▸ **Try it**:
Below are the entries. Print only the lines starting at the one with "किशमिश हड्डियों को" and ending at the one with "而麒麟电池的CTP技术,把系", exactly, with no pictures.

▸ **Extracted records**:
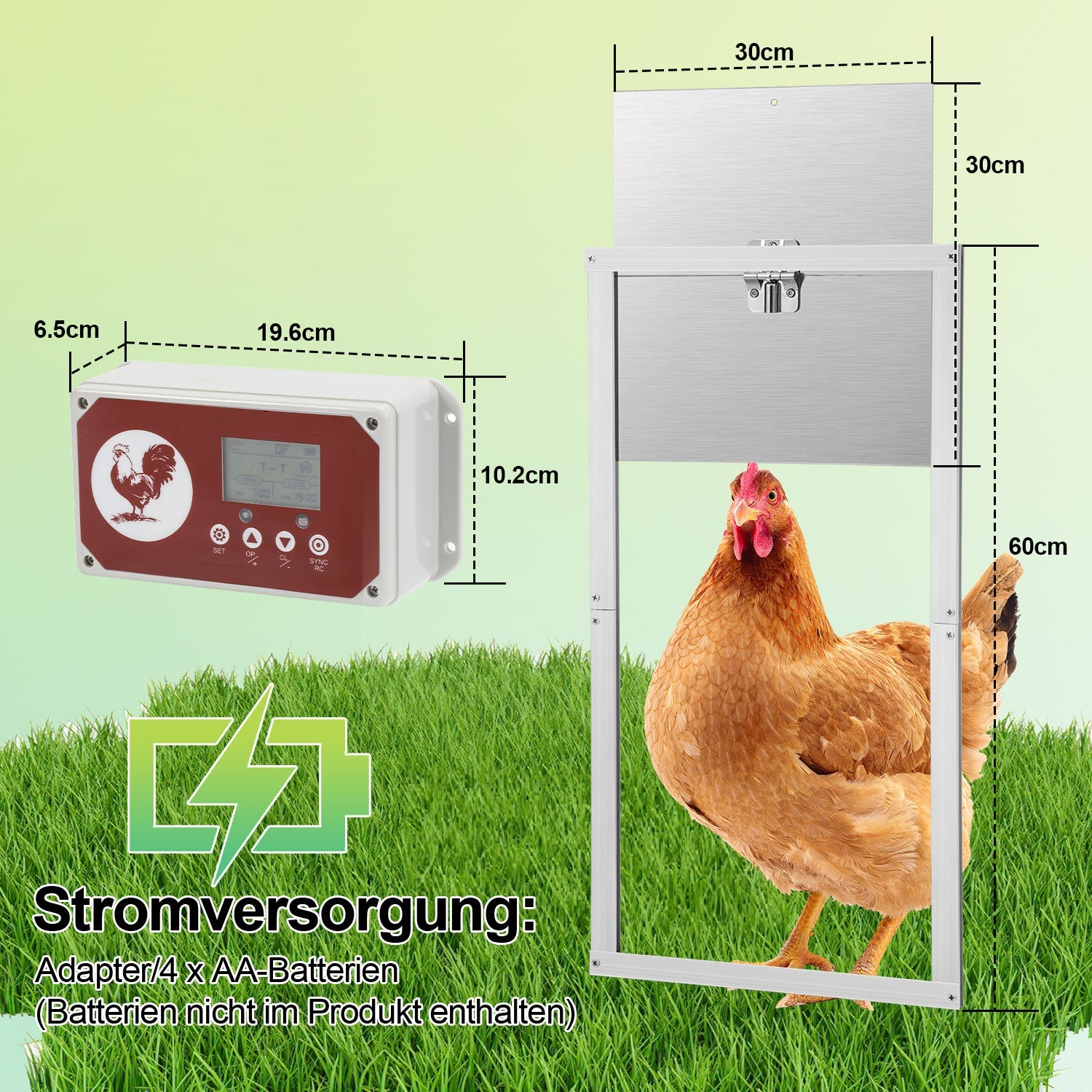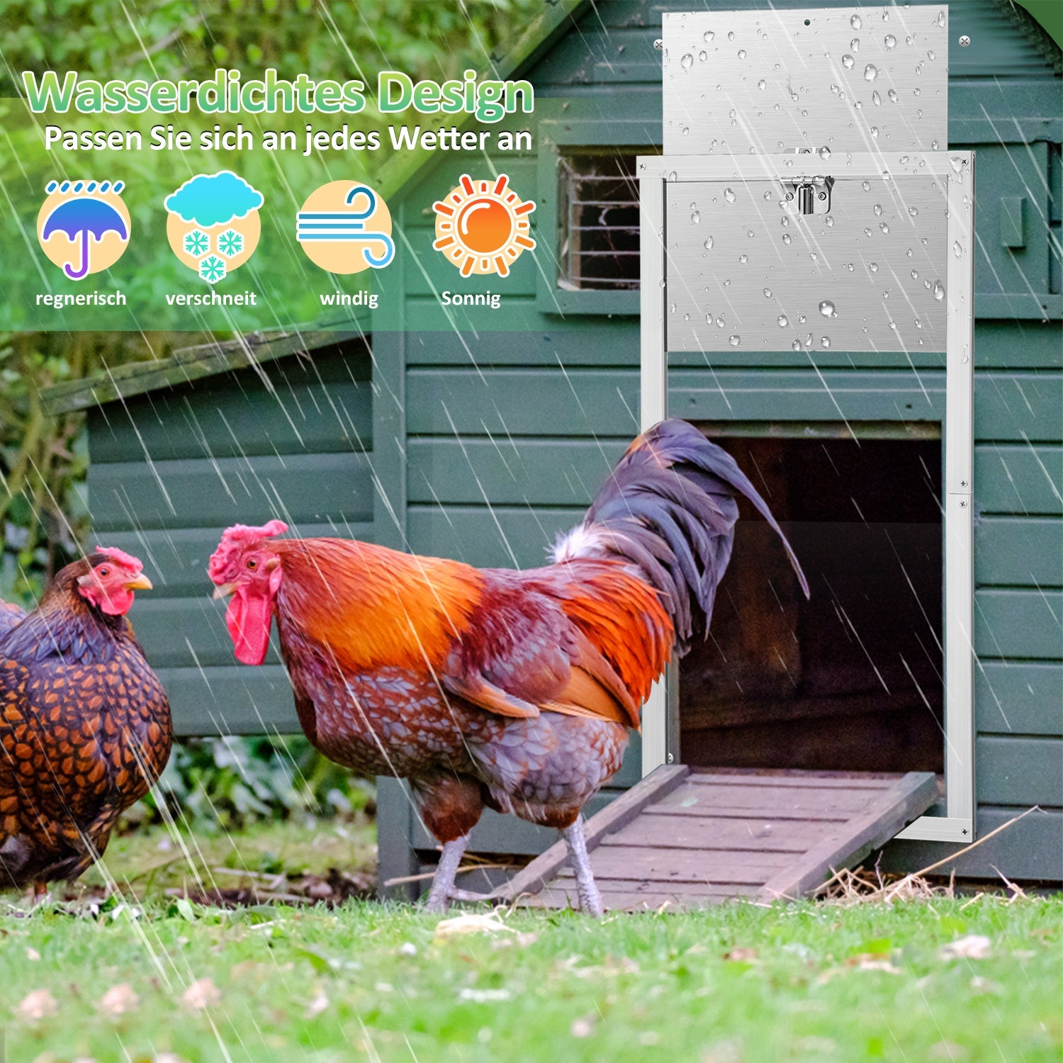 【Hochwertige Hühnerklappe】Die elektrische hühnerklappe besteht aus ABS und Aluminium, Sicher und zuverlässig, IP44 wasserdicht, Beständig gegen Hitze und Kälte. Unsere Hühnerklappe zeichnet sich durch eine herausragende Qualität aus, die Ihnen eine langfristige und zuverlässige Nutzung gewährleistet.
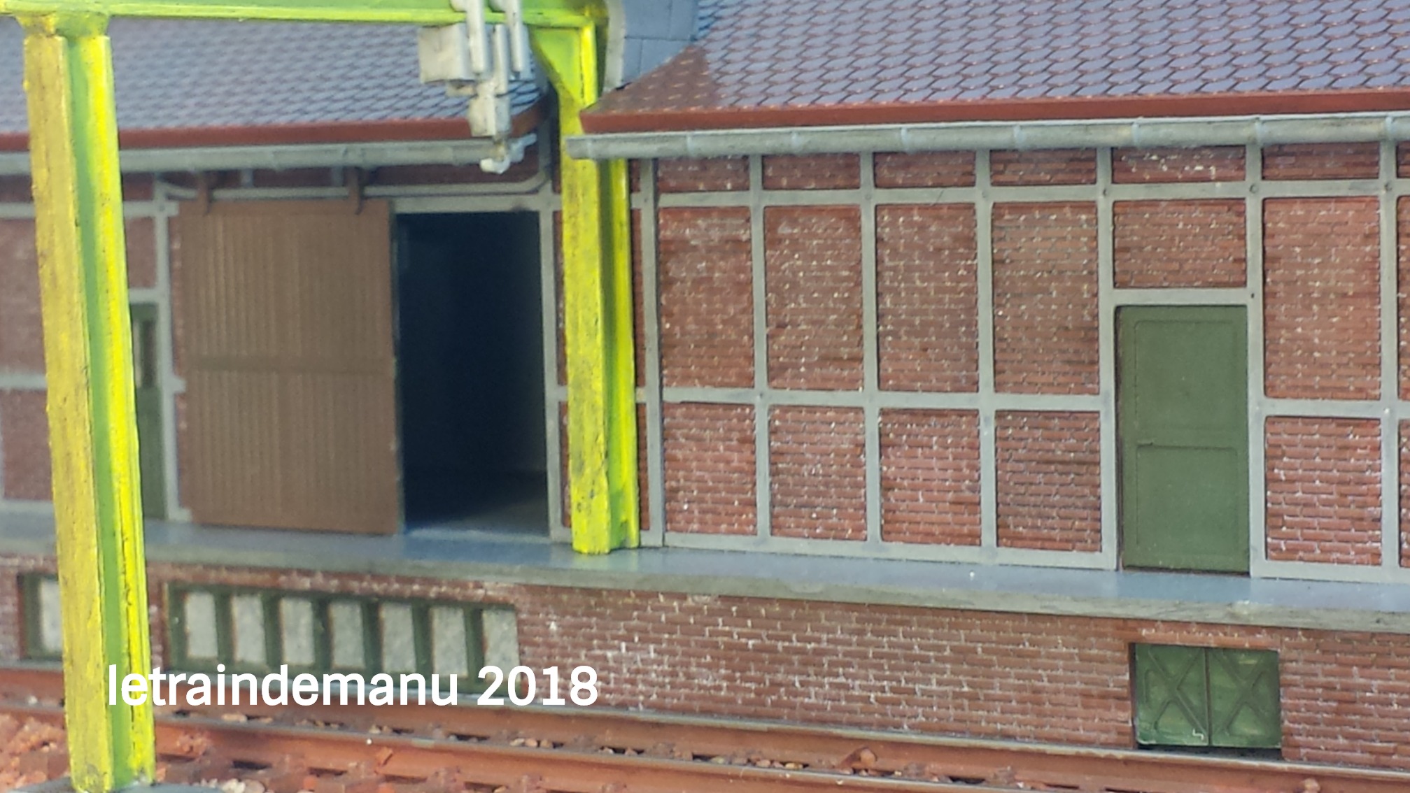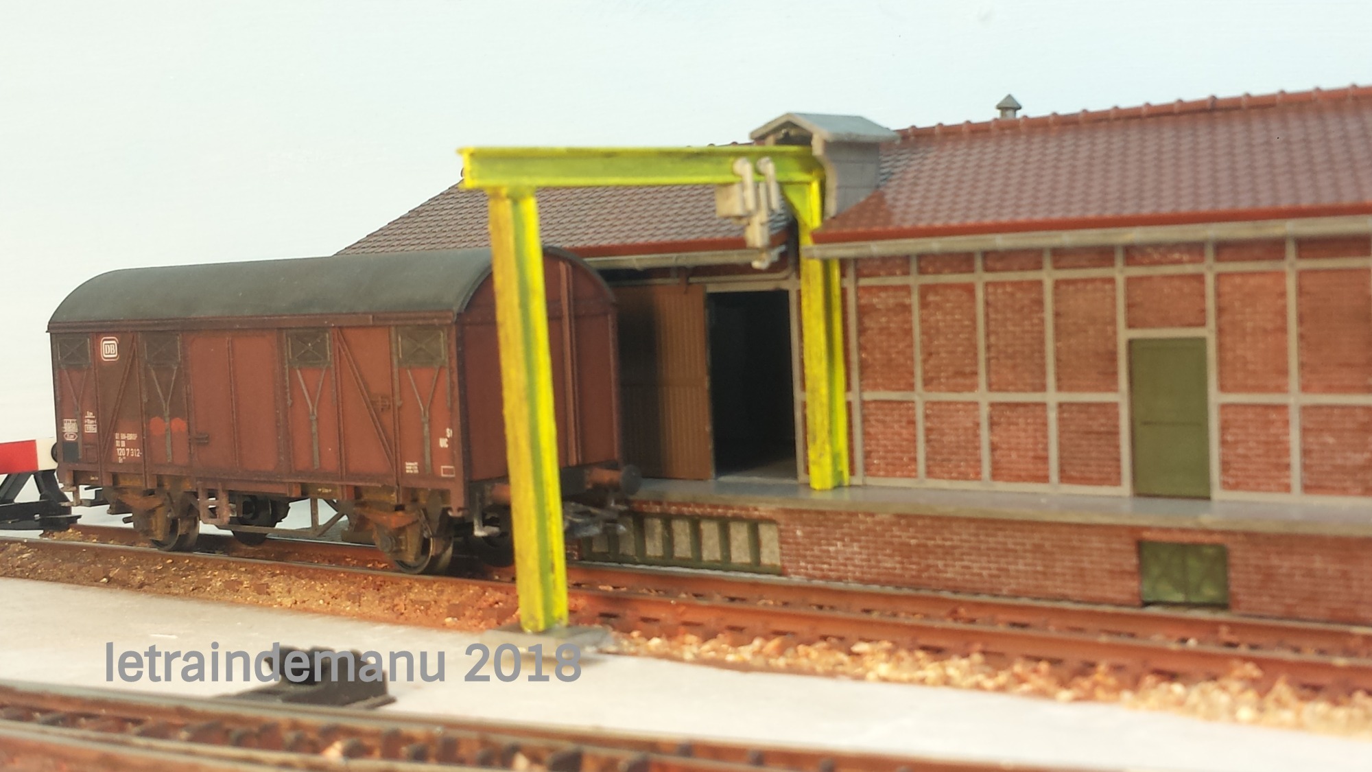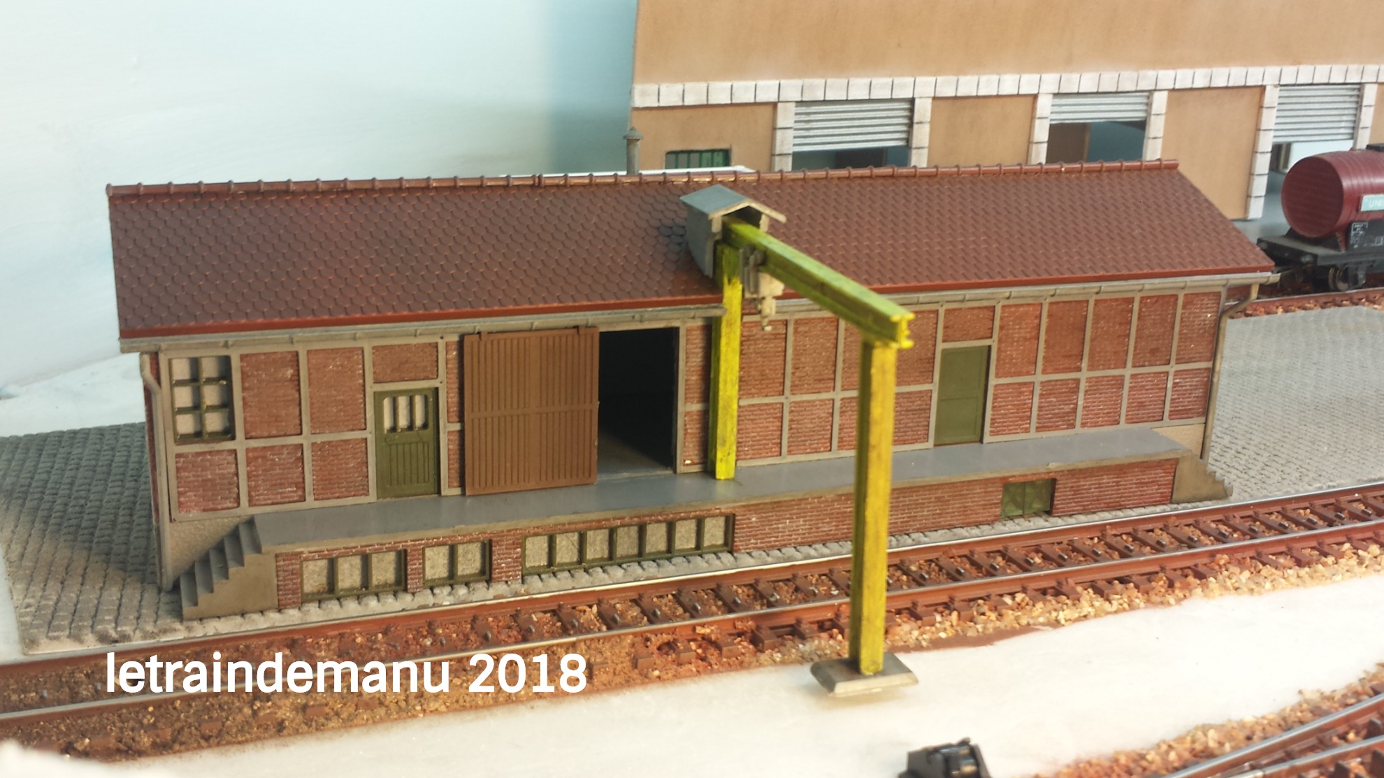 Photos 567 à 569 : L’entrepôt Faller 120152 monté et patiné, est implanté sur l’embranchement E2 de ZI Nord. Source : letraindemanu.fr
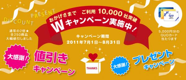 2008年6月のWEBサイト開始から4年。皆様に支えられ、ご利用社数1万社(行政機関・各種団体・個人を含む)を超えることができました。日頃のご愛顧に感謝を添えたダブルキャンペーンを期間限定で開催いたします。各キャンペーンの概要は下記のとおりです。
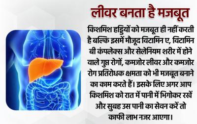 किशमिश हड्डियों को मजबूत ही नहीं करती है बल्कि इसमें मौजूद विटामिन ए, विटामिन बी कंपलेक्स और सेलेनियम शरीर में होने वाले गुप्त रोगों, कमजोर लीवर और कमजोर रोग प्रतिरोधक क्षमता को भी मजबूत बनाने का काम करते हैं। इसके लिए अगर आप किशमिश को रात में पानी में भिगोकर रखें और सुबह उस पानी का सेवन करें तो काफी लाभ नजर आएगा।
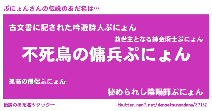 | 男性向けラノベタイトル風あだ名 | 『ぷにょんの憂鬱』『魔弾の王とぷにょん』 |
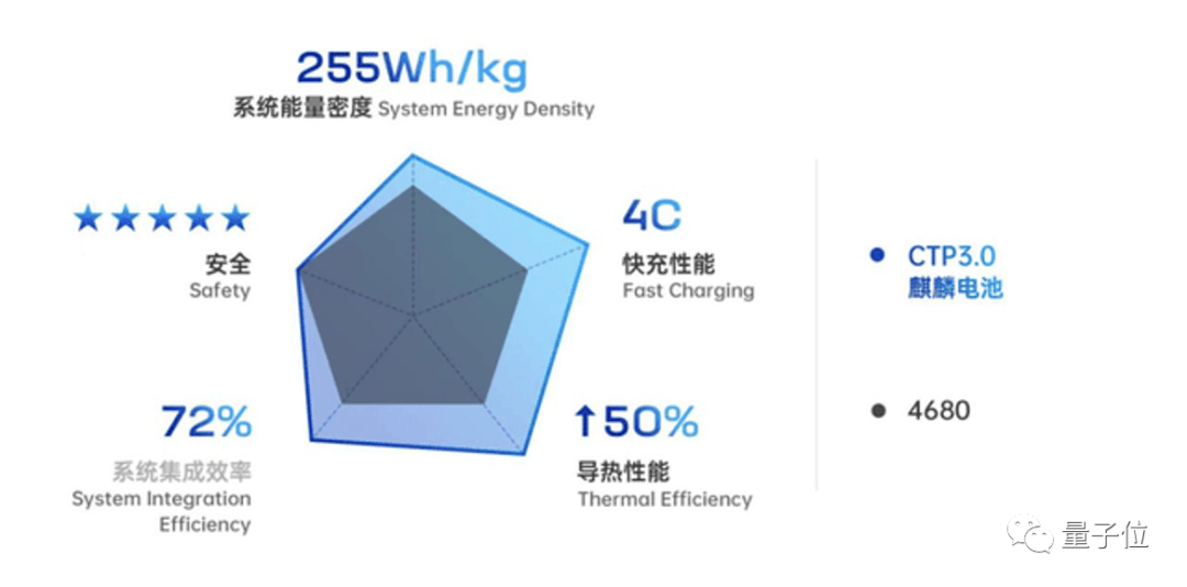 而麒麟电池的CTP技术,把系统集成度、安全性、能量密度做到了极致。体积利用率突破72%,能量密度可达255Wh/kg,将会是市面上能量密度最高的量产电池包。
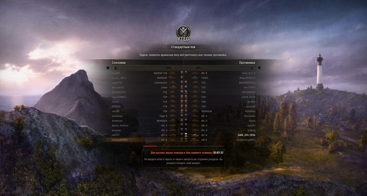 Доброго времени суток всем. Администрация куда вы сегодня ушли, или корейский рандом заразен и он поглатил ВБР? По факту: За сегодня из 20 - 30 проведенных боев уже 5 или 6 раз выскакивает такой расклад техники. И не говорите мне про балансир танков в игре. Или вы его отключили или он навернулся? Вопрос к администрации сервера: Это долго будет длиться? P.S. Тему минут 20 - 30 не закрывайте, я думаю, не я один скринов добавлю.

▸ **Response to this exercise**:
 किशमिश हड्डियों को मजबूत ही नहीं करती है बल्कि इसमें मौजूद विटामिन ए, विटामिन बी कंपलेक्स और सेलेनियम शरीर में होने वाले गुप्त रोगों, कमजोर लीवर और कमजोर रोग प्रतिरोधक क्षमता को भी मजबूत बनाने का काम करते हैं। इसके लिए अगर आप किशमिश को रात में पानी में भिगोकर रखें और सुबह उस पानी का सेवन करें तो काफी लाभ नजर आएगा।
 | 男性向けラノベタイトル風あだ名 | 『ぷにょんの憂鬱』『魔弾の王とぷにょん』 |
 而麒麟电池的CTP技术,把系统集成度、安全性、能量密度做到了极致。体积利用率突破72%,能量密度可达255Wh/kg,将会是市面上能量密度最高的量产电池包。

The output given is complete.